The following is from a Seth book i am reading. enjoy…
Even in primitive societies, witch doctors and other natural therapists have understood that the point of power is within the present, and they have utilized natural hypnosis as a method of helping other individuals to concentrate their own energy. All of the gestures, dances, and other procedures are shock treatments, startling the subject out of habitual reactions so that he or she is forced to focus upon the present moment. The resulting disorientation simply shakes current beliefs and dislodges set frameworks. The hypnotist, or witch doctor, or therapist, then immediately inserts the beliefs he thinks the subject needs.
Within this context, subsidiary groupings will be included that involve the therapists own ideas. In your society regression is often involved; the patient will remember and relive a traumatic experience from the past. This will then appear to be the cause of the present difficulty. If hypnotist and subject both accept this, then at that level there will be progress.
If the cultural concepts include voodoo or witchcraft, then the therapeutic situation will be seen in that context, and a curse uncovered; which, using the power point of the present, the doctor will then reverse.

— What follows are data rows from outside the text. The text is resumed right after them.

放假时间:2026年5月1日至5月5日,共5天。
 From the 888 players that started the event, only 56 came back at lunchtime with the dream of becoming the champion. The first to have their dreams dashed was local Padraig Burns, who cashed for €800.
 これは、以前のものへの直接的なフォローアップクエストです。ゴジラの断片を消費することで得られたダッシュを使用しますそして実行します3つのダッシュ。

Quite without the context of formal hypnosis, however, the same issues apply. With the greatest understanding and compassion, let me mention that Western medicine is in its way one of the most uncivilized hypnotic devices. The most educated Western doctors will look with utter dismay and horror at the thought of a chicken being sacrificed in a primitive witch doctors hut, and yet will consider it quite scientific and inevitable that a woman sacrifice two breasts to cancer. The doctors will simply see no other way out, and unfortunately either will the patient.
A modern Western physician(granted, with the greatest discomfiture) will inform his patient that he is about to die, impressing upon him that his situation is hopeless, and yet will react with scorn and loathing when he reads that a voodoo practitioner has put a curse upon some innocent victim.

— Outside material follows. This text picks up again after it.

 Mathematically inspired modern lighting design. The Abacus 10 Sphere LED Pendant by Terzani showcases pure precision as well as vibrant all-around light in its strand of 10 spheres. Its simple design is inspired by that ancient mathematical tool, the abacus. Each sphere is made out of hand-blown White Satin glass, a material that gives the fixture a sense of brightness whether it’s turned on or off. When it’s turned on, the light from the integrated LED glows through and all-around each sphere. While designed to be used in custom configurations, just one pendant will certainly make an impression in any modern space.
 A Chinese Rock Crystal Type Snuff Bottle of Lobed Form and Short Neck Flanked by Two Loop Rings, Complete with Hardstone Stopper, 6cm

In your time, medicinal men, again with great superiority, look at primitive cultures and harshly judge the villagers they think are held in the sway of witch doctors or voodooism; and yet through advertisement and organization, your doctors impress upon the individual in your culture that you must have a physical examination every six months or you will get cancer; that you must have medical insurance because you will become ill.

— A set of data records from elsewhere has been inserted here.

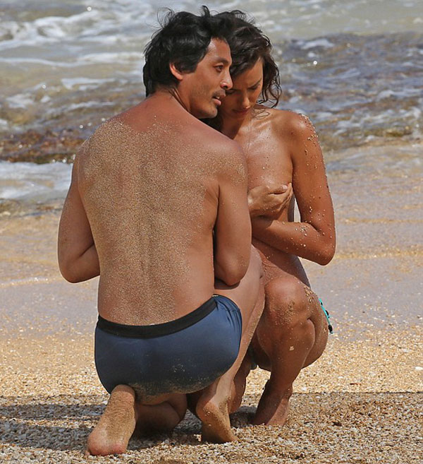Real Madrid'in Portekizli yıldızı Cristiano Ronaldo ile birlikte olan ünlü Rus model İrina Shayk üstsüz bir şekilde vücudu kumlarla kaplı bir halde Hawaii sahillerinde elleri ile göğüslerini kapatarak birbirinden cesur pozlar verdi.
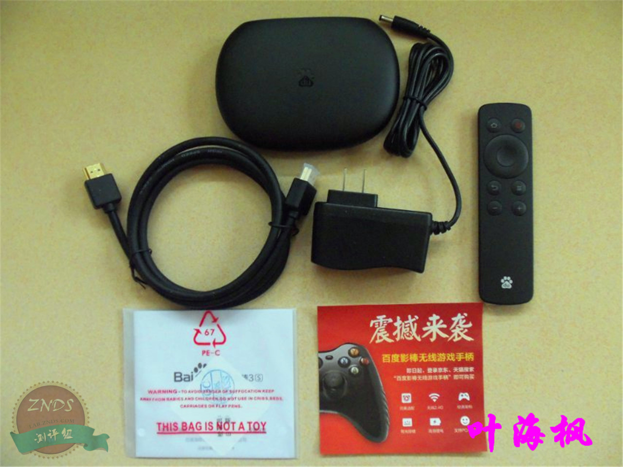 【小结】百度影棒3S的包装简约大气,背面附有详细的硬件配置参数列表,包装侧面加入了芒果TV inside的标识,百度影棒3S正式牵手正版视频运营商芒果TV。包装配件区没有采用独立小包装,而是散乱的摆放在盒内,显得不够严谨。接口比较少,没有Reset键和TF卡槽,刷机和升级固件极不方便。总体来说,百度影棒自二代开始,已经与传统意义上的影棒产品毫无瓜葛,无论是外形,接口,功能,还是配件,都与影棒的概念相左,而更接近于一款高清网络播放器的概念。
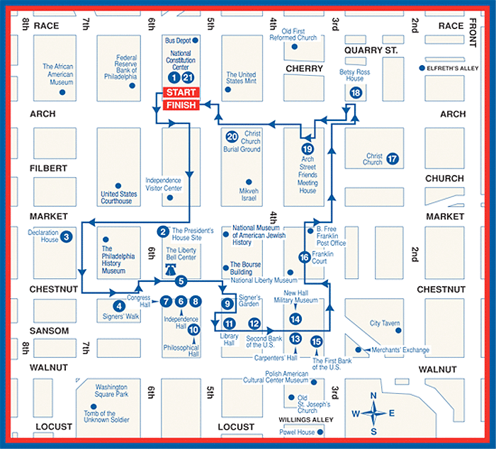The Constitutional Walking Tour starts and ends at the National Constitution Center at 525 Arch Street, Philadelphia, PA 19106. Tours meet at the 3 large stone benches immediately outside the main entrance to the National Constitution Center.
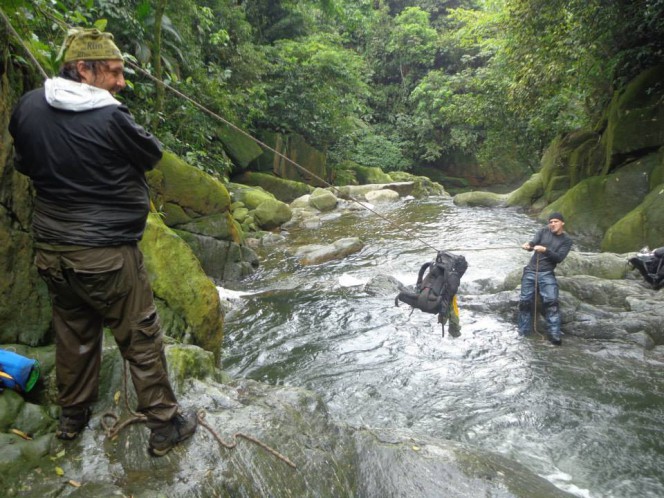 Uma coisa a gente tinha certeza, aliás, a única certeza de toda a travessia: para seguirmos enfrente, o único caminho seria pelo lado esquerdo do rio, porque pelo lado direito e pelo rio seria totalmente impossível. Alimentados, cruzamos o rio e fomos escalando o barranco do lado esquerdo. Era um barranco liso e escorregadio, onde a vegetação rasteira praticamente não servia como apoio. Era preciso cavar o barranco com os pés e alcançar alguma árvore mais acima de sua cabeça e ainda ir tomando cuidado com as rochas que iam rolando como boliche e atingindo o companheiro mais abaixo. Vencida estas dificuldades, chegamos bem acima do rio, em um lugar onde a vegetação se abre um pouco e nota-se que a “trilha” se bifurca em duas: Uma segue subindo para esquerda e a outra segue descendo à direita. Sem saber qual pegar, escolhemos seguir pela direita, onde o Eduardo tomou à dianteira e foi abrindo caminho pela vegetação meio fechada. Estava claro que alguém havia passado ou tentado passar por ali há muito tempo, mas nós não tínhamos a certeza se esse seria mesmo o melhor caminho a tomar. E não era mesmo, pois logo o caminho se perdeu na beira de um barranco de uns quatro metros de altura. O cansaço chegou, o sol já estava nas últimas e o Lindolfo já queria acampar de qualquer jeito. Até daria para esticar nossas redes nas árvores ao redor, mas não tínhamos nem uma gota de água e ainda estávamos imundos de barro e eu não queria passar a noite ali naquele lugar medíocre. Queria mesmo era chegar à beira do rio e desfrutar de uma noite com um mínimo de conforto. Jogamos nossa corda e o Eduardo escorregou no buraco e desceu até a sua base. O Eduardo seguiu descendo e abrindo o mato, na esperança de traçar um caminho até a margem do Rio da Onça. Eu e o Lindolfo nos mantivemos no mesmo lugar esperando o aval do Eduardo para também nos pendurarmos na corda e descer o barranco, já que uma vez lá embaixo não haveria como retornar depois que a corda fosse retirada.
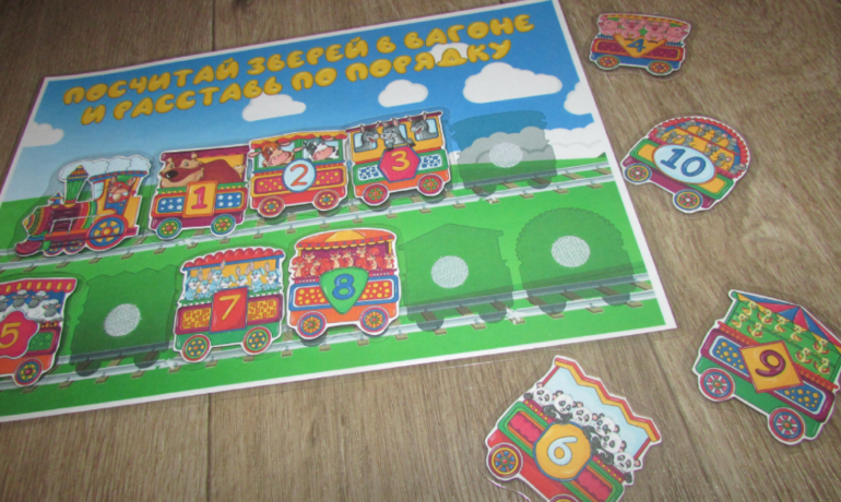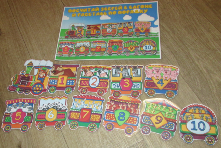 И вдобавок увеличила и распечатала вагончики. Анютка собирает их по образцу, ещё не умеет считать, но показывает пальчиками на всех по прядку,а я проговариваю счёт. Да и думаю, так и цифры зрительно начинают запоминаться в игре.😉

In many instances, therefore, modern physicians are inadequate witch doctors who have forgotten their craft–hypnotists who no longer believe in the power of healing, and whose suggestions bring about other diseases which are diagnosed in advance.
You are told what to look for; you are as cursed–far more—as any native in a tiny village, only you lose breasts, appendixes, and other portions of your anatomy. The doctors follow their own ideas, of course, and in that system they see themselves as completely justified—as humane.
In the medical field, as in no other, you are faced directly with the full impact of your beliefs, for doctors are not the healthiest, but the least healthy. They fall prey to the belefs to which they so heartily subscribe. Their concentration is upon disease, not health.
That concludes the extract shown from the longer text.